Is It Normal If I Don’t Feel Ready to Be an Adult at 21?Reading Time: 7 minutes
Turning 21 can feel like crossing a line in the sand between adolescence and adulthood. In the United States, turning 21 not only grants young people permission to legally drink and smoke, it also marks the official transition to adulthood, and all the responsibilities and expectations that go along with that.
However, just because a person has circled the sun a certain number of times doesn’t mean that they’re suddenly gifted with new levels of wisdom and clarity. Plenty (maybe most) young people don’t feel ready to be an adult at 21. They’re often not ready to make adult decisions, take care of their own practical needs, or support themselves financially.

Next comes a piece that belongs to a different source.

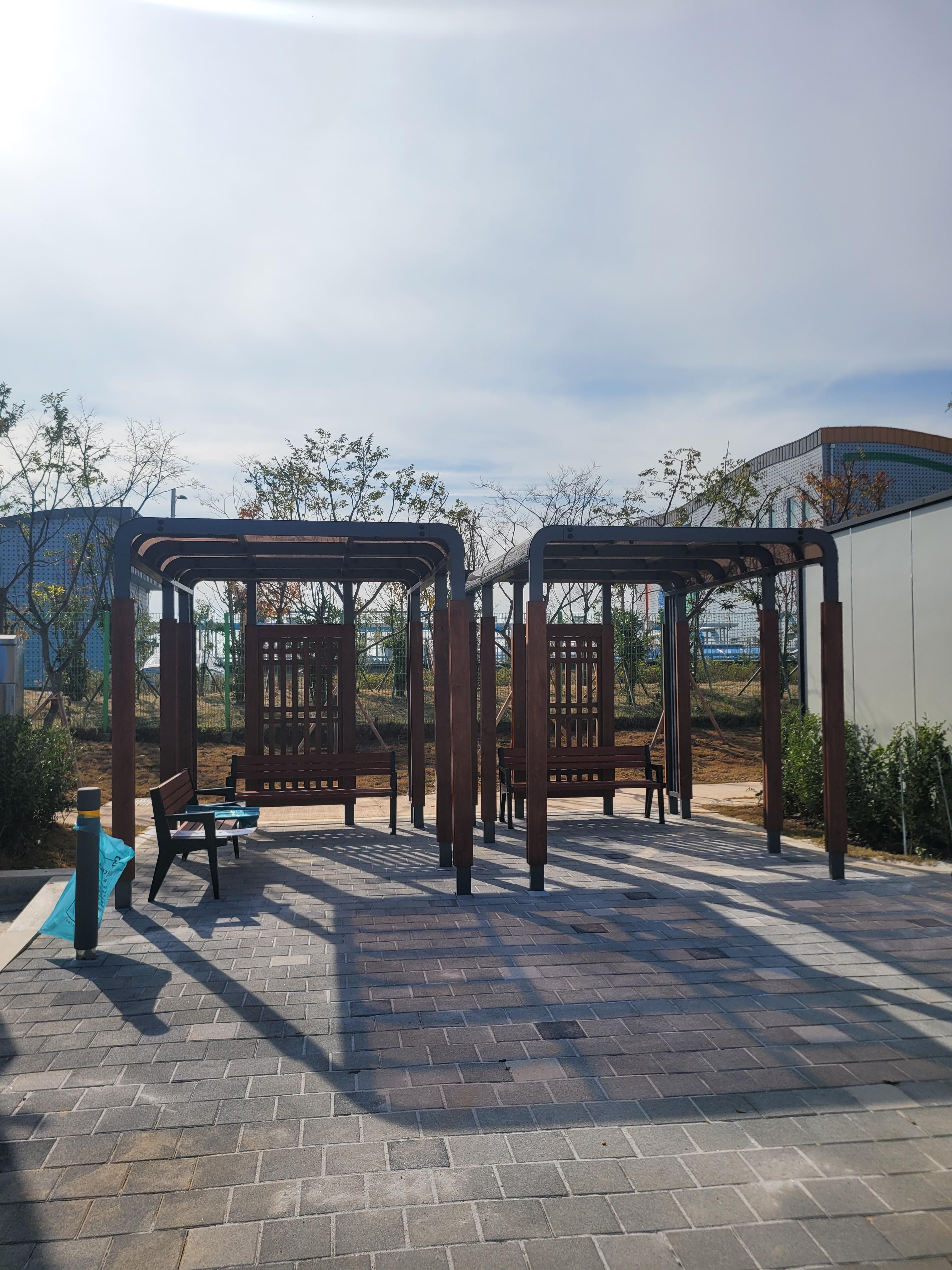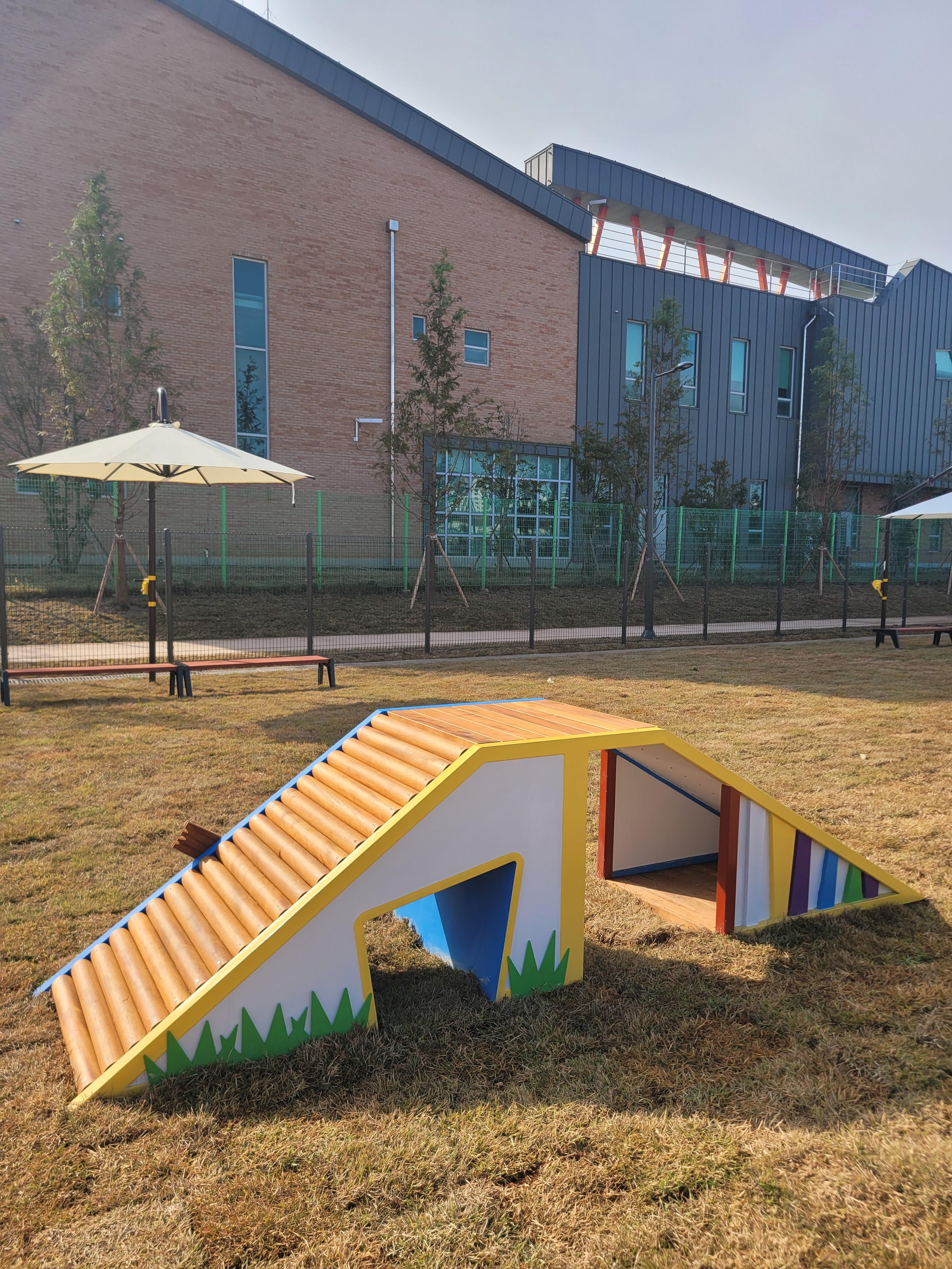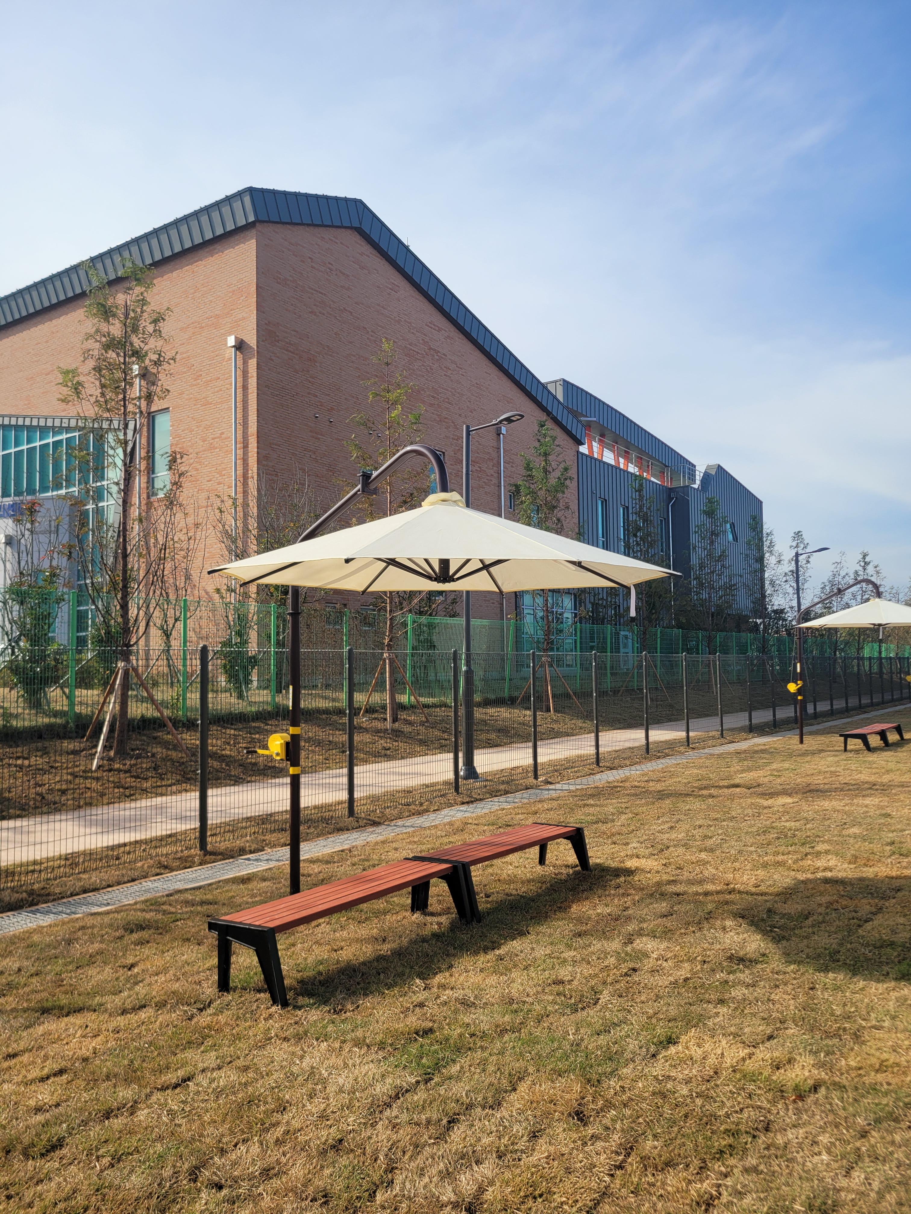 놀이터 안에는 견주가 쉴 수 있는 벤치와 파라솔, 강아지들이 놀 수 있는 다양한 놀이시설, 그리고 음수대와 배설물 쓰레기통도 설치되어 있었다. 격리장도 따로 있었는데 흥분한 강아지들을 분리할 수 있는 공간 같았다.

In 2021, when Gen Z unemployment is rampant and young adults are suffering from high levels of collective trauma and languishing, it’s natural for them to feel that they’re not prepared for adulthood.
What Does It Mean to Make the Transition to Adulthood?
Traditionally, adulthood has been defined by the achievement of a series of concrete goals: finishing one’s education, leaving home, finding work, finding a life partner, and having children. But many people choose not to pursue one or more of these goals, and that doesn’t mean they’re not ready to be an adult. These parameters for adulthood are too limited and too externally focused to truly describe what it means to become a full-fledged adult.
Researcher and psychology professor Jeffrey Jensen Arnett, PhD, who coined the term emerging adulthood, zeroed in on two criteria that define the internal experience of becoming an adult:
- Accepting responsibility for oneself
- Making independent decisions.
Arnett also noted a third, more tangible, criteria: financial independence. Only when these three criteria were achieved, he wrote, do young people make the transition to adulthood, and this typically happens in a person’s late 20s. Before they reach those goals, emerging adults exist in what Arnett described as an intermediate period between adolescence and adulthood (roughly ages 18 to 25). At this fluid stage, there are many options available to a young person, and their life may undergo many different changes—in areas ranging from identity and worldview to geographic location, friend group, romantic partner, and work.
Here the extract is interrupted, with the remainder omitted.